Scroll to the bottom of the main outpu, where you will find the PaLS icon and the gene lists. When you click on any of the links, the corresponding list of genes will be sent to PaLS. There, you can configure the options as you want (please, consult PalS's help for details) and then submit the list. In PaLS, you can always go back, and keep playing with the very same gene list, modifying the options.

For individual genes, recall that the names in the tables are clickable, and display additional information from IDClight.


Examples of several runs, one with fully commented results, are available here.

Authors and Acknowledgements

This program was developped by Juan M. Vaquerizas and Ramón Díaz-Uriarte, from the Bioinformatics Unit at CNIO. This tool is, essentially, a web interface to a set of R functions, plus a small piece of C++ code (for the dlda part), written by Ramón. Some of these functions themselves call functions in the packages e1071 (by E. Dimitriadou, K. Hornik, F. Leisch, D. Meyer, and A. Weingessel), class (by W. Venables and B. Ripley), pamr (by T. Hastie, R. Tibshirani, Balasubramanian Narasimhan, G. Chu), supclust (by M. Dettling and M. Maechler), multtest (by Y. Ge and S. Dudoit) and randomForest (by A. Liaw, M. Wiener, with Fortran code by L. Breiman and A. Cutler). Our set of functions themselves will (soon) be converted into an R package and released under the GPL.

We want to thank all these authors for the great tools that they have made available for all to use. If you find this useful, and since R and Bioconductor are developed by a team of volunteers, we suggest you consider making a donation to the R foundation for statistical computing.

Terms of use

Privacy and Security

Uploaded data set are saved in temporary directories in the server and are accessible through the web until they are erased after some time. Anybody can access those directories, nevertheless the name of the directories are not trivial, thus it is not easy for a third person to access your data.

In any case, you should keep in mind that communications between the client (your computer) and the server are not encripted at all, thus it is also possible for somebody else to look at your data while you are uploading or dowloading them.

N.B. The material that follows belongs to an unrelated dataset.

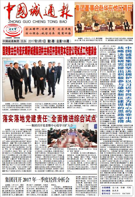 2010年8月1日,《中国诚通报》创刊百期之际,集团董事长、党委书记马正武勉励报纸围绕集团发展大局和中心工作,进一步发挥好导向作用,做集团决策精 神的“广播台”,做业务交流的“智慧库”,做员工沟通的“聊天室”,做鼓舞斗志的“加油站”,做企业文化的“传导器”,做营建品牌的“展示厅”。

This software is experimental in nature and is supplied "AS IS", without obligation by the authors or the CNIO the to provide accompanying services or support. The entire risk as to the quality and performance of the software is with you. The authors expressly disclaim any and all warranties regarding the software, whether express or implied, including but not limited to warranties pertaining to merchantability or fitness for a particular purpose.